I looked up at my genius, who had a badge that identified him as Jeremy Genius. Then I noticed Adam Genius next to him, and Bert Genius next to him -- very cool that they even have a nice sense of humor as part of the experience. Jeremy confirmed my reservation and asked, "What's up?"
So, I flipped open the laptop, pressed the on button, and Jeremy put his ear close to hear that tell-tale whirring, crunching sound of a hard drive in the throes of its last days as part of the team. Yup, it's a bad hard-drive. "Yikes" I say, "Now what?".
Jeremy punches in some information on his laptop while explaining that the laptop is out of warranty, that they can replace the hard drive (but not with an upgraded one) for about $300 including labor. They can also replace the keyboard, which has been missing its right Shift key for months, for another $75 or so. Hmmm…I'm thinking, well at least we can fix it for not too much.
Then Jeremy lobs a surprise grenade -- he explains that most of the work done through Apple is for work that's covered by warranty. For stuff outside of warranty, perhaps I might be better off going to a third party specialist, who can perform the work faster, cheaper, and upgrade the hard drive to a larger faster one. I'm a bit stunned when Jeremy even hands me a business card for a recommended outside vendor.
Did I walk into Nordstrom by mistake?

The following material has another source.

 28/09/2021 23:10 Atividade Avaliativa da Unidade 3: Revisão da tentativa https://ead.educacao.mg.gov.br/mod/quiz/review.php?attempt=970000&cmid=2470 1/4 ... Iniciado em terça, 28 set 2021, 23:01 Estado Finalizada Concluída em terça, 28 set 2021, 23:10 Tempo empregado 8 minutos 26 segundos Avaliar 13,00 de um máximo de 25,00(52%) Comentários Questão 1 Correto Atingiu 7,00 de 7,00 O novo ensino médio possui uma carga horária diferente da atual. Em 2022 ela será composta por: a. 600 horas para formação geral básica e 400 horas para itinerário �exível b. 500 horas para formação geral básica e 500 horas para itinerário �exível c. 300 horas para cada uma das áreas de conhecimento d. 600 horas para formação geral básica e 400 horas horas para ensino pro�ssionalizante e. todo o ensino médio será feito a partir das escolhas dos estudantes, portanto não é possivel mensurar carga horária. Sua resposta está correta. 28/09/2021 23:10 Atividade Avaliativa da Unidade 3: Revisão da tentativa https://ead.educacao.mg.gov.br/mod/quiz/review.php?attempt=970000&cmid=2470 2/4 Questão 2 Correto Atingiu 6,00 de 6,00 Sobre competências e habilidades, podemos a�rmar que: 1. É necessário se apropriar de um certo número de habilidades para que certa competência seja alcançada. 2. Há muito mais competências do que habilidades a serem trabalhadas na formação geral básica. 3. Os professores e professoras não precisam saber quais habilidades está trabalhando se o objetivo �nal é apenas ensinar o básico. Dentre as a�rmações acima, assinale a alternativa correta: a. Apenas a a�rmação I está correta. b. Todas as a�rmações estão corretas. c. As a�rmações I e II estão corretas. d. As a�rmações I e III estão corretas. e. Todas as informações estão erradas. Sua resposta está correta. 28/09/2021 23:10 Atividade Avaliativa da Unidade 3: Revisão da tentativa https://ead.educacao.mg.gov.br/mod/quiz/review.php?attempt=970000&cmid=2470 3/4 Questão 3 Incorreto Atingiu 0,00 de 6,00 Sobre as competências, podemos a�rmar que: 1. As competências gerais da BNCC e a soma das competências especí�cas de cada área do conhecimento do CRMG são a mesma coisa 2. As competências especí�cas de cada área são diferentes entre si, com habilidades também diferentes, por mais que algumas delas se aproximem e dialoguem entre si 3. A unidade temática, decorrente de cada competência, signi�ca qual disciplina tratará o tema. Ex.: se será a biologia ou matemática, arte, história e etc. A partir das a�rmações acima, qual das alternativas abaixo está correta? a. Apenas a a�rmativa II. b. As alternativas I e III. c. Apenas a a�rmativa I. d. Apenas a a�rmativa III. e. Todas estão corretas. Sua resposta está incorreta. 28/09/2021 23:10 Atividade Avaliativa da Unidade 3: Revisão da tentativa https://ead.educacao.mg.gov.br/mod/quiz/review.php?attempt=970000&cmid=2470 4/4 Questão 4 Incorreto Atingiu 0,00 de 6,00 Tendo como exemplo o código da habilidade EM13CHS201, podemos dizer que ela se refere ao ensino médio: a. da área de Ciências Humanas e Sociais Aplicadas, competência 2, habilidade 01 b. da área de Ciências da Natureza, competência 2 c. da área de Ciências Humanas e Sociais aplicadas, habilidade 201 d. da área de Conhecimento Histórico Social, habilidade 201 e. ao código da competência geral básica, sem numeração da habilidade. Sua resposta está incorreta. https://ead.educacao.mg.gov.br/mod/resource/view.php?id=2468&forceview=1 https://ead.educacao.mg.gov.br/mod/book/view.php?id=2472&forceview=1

Is the official Apple Genius guy really telling me that I'd be better off going to an outside vendor? He goes on to tell me about Carbon Copy Cloner, a free download product that clones an image of your laptop to make it easy to get back up and running after you've replaced your hard drive.

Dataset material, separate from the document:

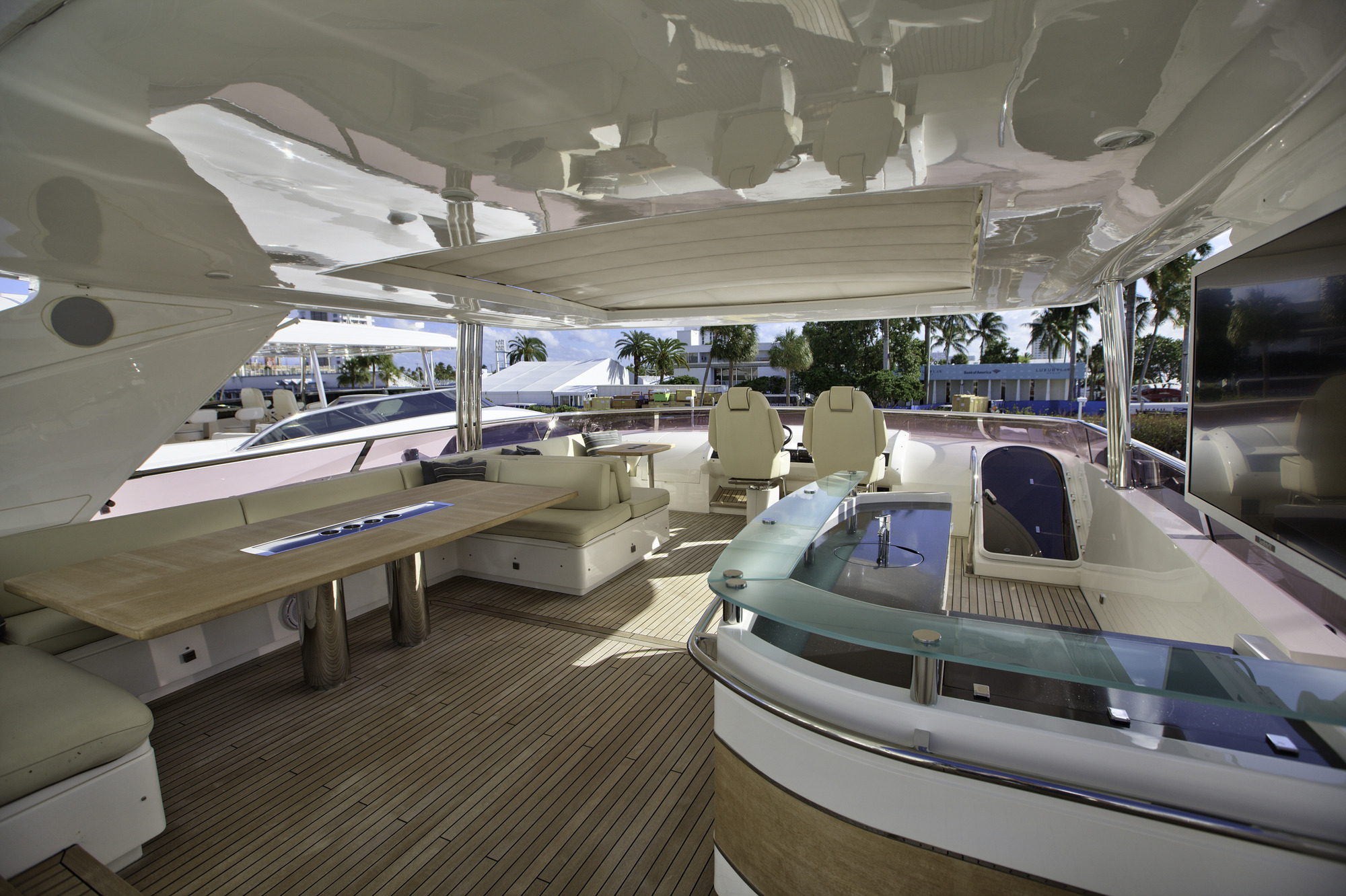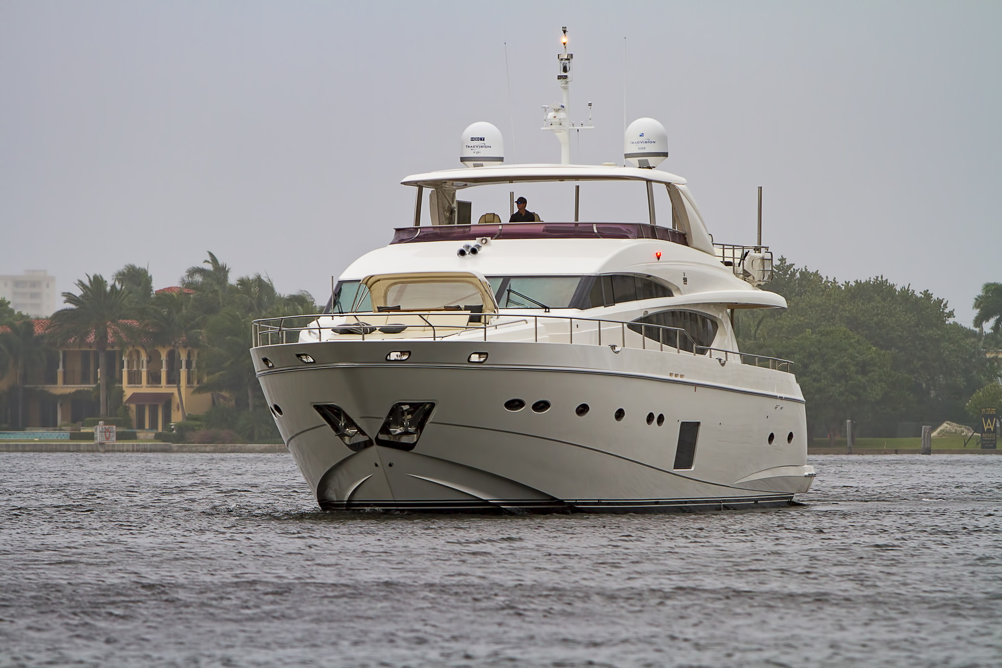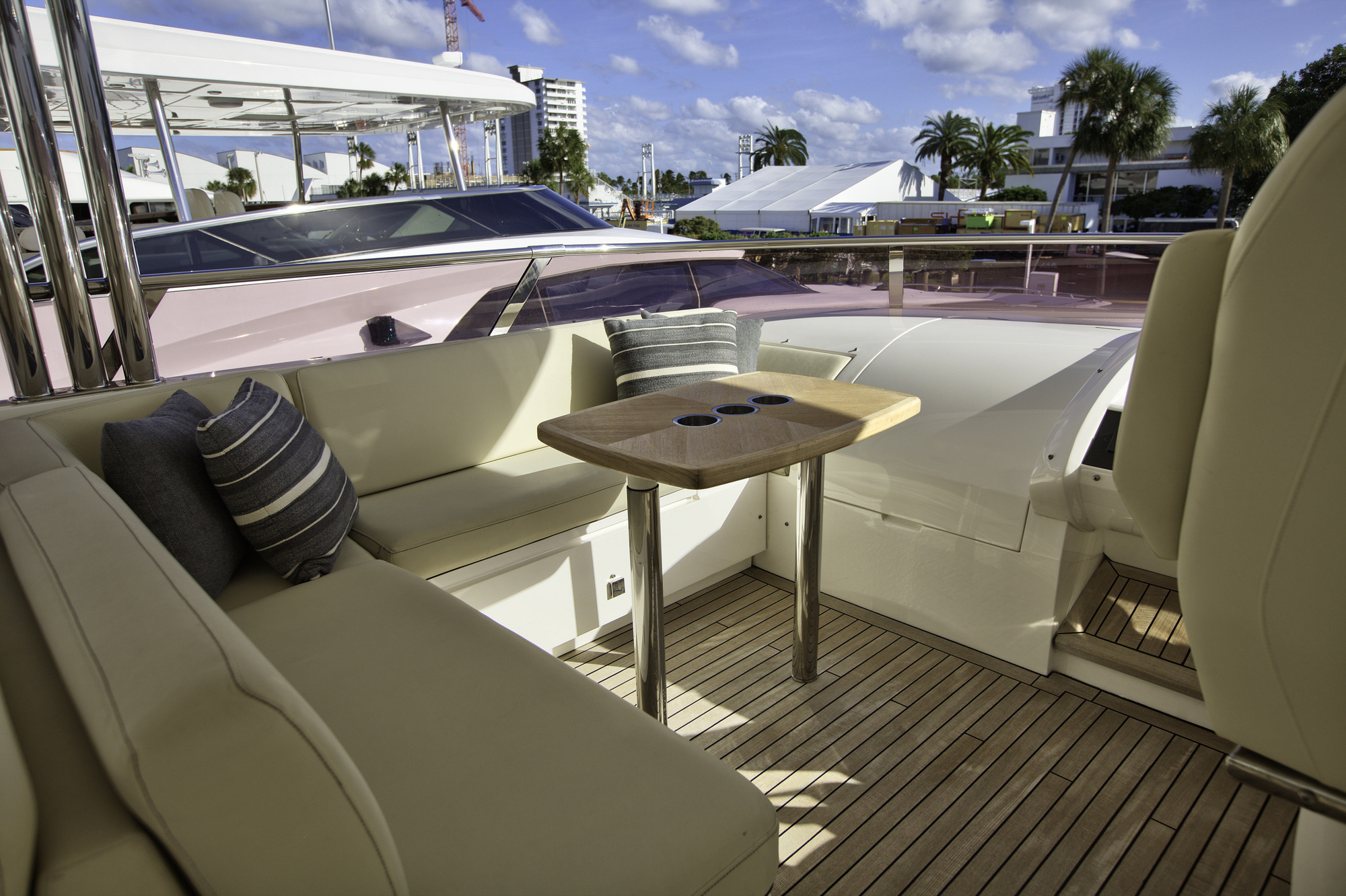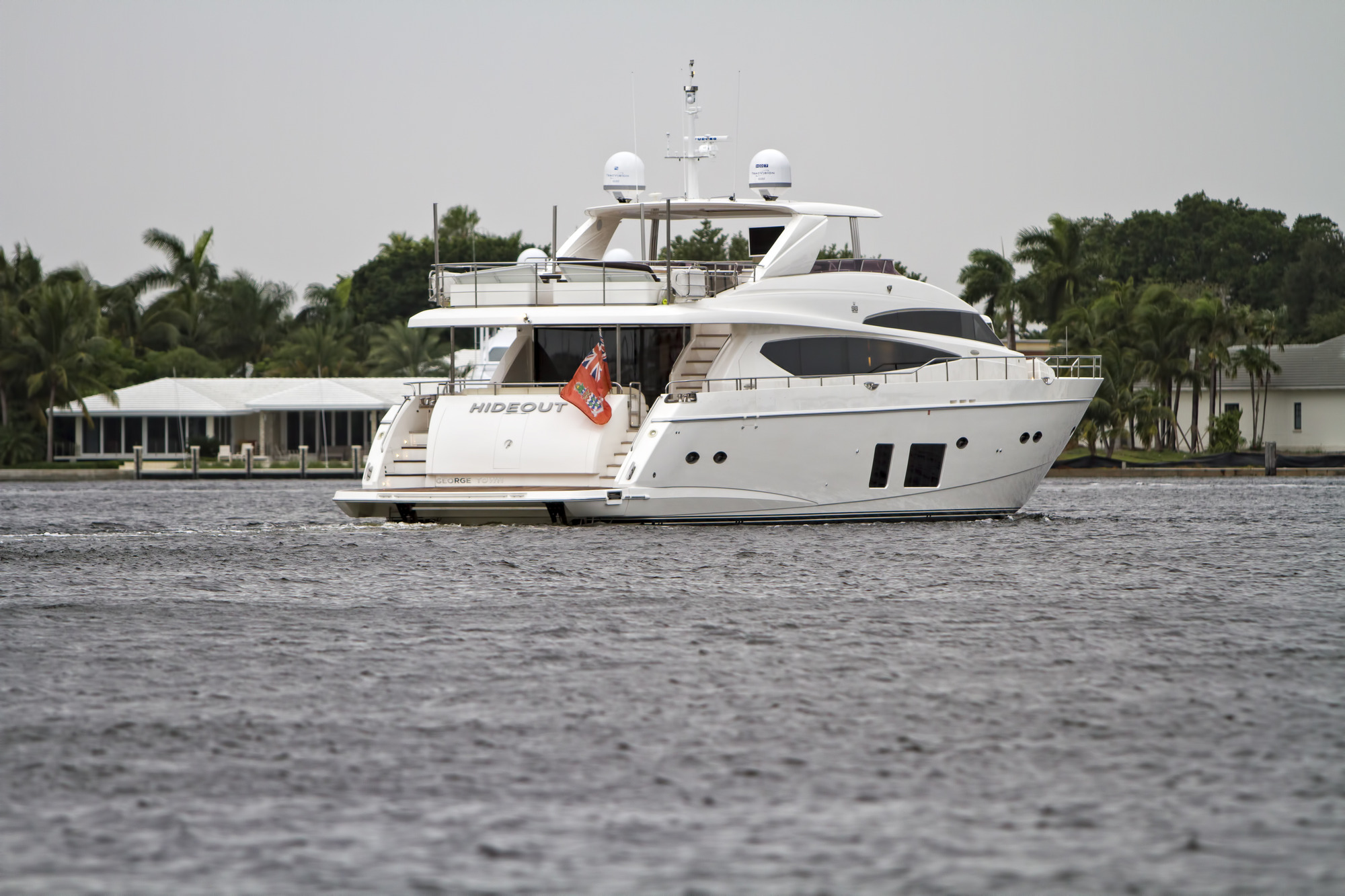Lady Cope is a 98 foot motor yacht built in 2012 by Princess UK. She has received a refit in 2016 to keep her guest comfortable. Twin MTU engines give her a cruising speed of 12 knots and a top speed of 24. She will be available for charter in the Bahamas starting in November of 2017. Four cabins offer accommodations for as many as eight guests. Her master cabin features a queen size bed, desk, sitting area with occasional table under windows for exceptional views, and large screen TV. The generous V.I.P. cabin offers a queen bed and settee. There is also a guest cabin with queen bed and a guest cabin with twin bed. Her main salon features three couches arranged in a U shape with center ottoman/coffee table. Forward of the main salon is dining for eight. Out on the aft deck is a set in table with U shaped lounge and deck chairs for al fresco dining with outstanding views. Up on the sundeck there are ample places to enjoy the sun or to find shade under one of the biminis. There is also an on deck Jacuzzi on the sundeck. A full beam swim platform offers guests effortless access to the water. For watersports Lady Cope features a 30 foot Everglades center console tender setup up with fishing gear, a three person Yamaha wave runner, a three person Sea Doo wave runner, two wakeboard, two paddleboards, water skis, tube, slide, snorkeling gear, and rendezvous diving.

I have to say I was impressed, by a series of cumulative, small but important aspects of this customer experience:
- The online experience of reserving time with a live person in San Francisco who could help me with my problem.
- That someone actually answered a direct phone call to the store and assisted me with good information AND was nice and courteous.
- That I could have made an online reservation for any day at 8:00 am to meet with an Apple Genius.
- That the Geniuses had clever name tags that identified them as part of the Apple Genius family/brand.
- That I received a nice greeting upon entering the store, that the Genius was on time.
- That the Genius was audacious enough to offer information that included suggesting someone else, other than Apple, might be most appropriate for my needs -- mouth agape here, and jaw dropped.
- I was in and out of the Apple store genius meet up within fifteen minutes, had my questions answered, received quotes on servicing my laptop, learned how much it might be to replace with a new laptop, got advice on best ways to access discounts with education vs. corporate pricing, and left this experience thoroughly satisfied.
It definitely seems like there are valuable lessons to be learned from this experience that can be applied to creating compelling customer experiences. I was impressed, especially after thinking about how many aspects of the overall experience were done so well. Wow.
Back in the day, quality guru, Tom Peters, used to tell a story about how poorly he was treated when he ordered a part from his local auto store and how well he was treated when an airline lost his luggage. His point was that each customer issue is an opportunity -- not a problem. Apple gets this. The other day my daughter tweeted:
Apple's Genius Bar pulled through for me two days in a row! They sure know how to make people happy.